◆ **Task prompt**
A single stretch of the material below is to be transcribed exactly, starting at the line with "Huuta wiyari 'uyuweyatí" and ending after the line with "tewakame Premio Travellers'".

◆ **Listed records**

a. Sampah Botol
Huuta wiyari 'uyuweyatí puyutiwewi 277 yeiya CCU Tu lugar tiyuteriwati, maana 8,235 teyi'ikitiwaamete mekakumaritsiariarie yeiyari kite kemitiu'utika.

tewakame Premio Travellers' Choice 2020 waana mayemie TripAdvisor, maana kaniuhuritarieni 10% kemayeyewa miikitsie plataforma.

--

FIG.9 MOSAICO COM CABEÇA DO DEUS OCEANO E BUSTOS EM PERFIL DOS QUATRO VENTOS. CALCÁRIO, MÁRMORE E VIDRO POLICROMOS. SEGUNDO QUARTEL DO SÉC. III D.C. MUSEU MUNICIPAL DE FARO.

◆ **Answer section**
Huuta wiyari 'uyuweyatí puyutiwewi 277 yeiya CCU Tu lugar tiyuteriwati, maana 8,235 teyi'ikitiwaamete mekakumaritsiariarie yeiyari kite kemitiu'utika.

tewakame Premio Travellers' Choice 2020 waana mayemie TripAdvisor, maana kaniuhuritarieni 10% kemayeyewa miikitsie plataforma.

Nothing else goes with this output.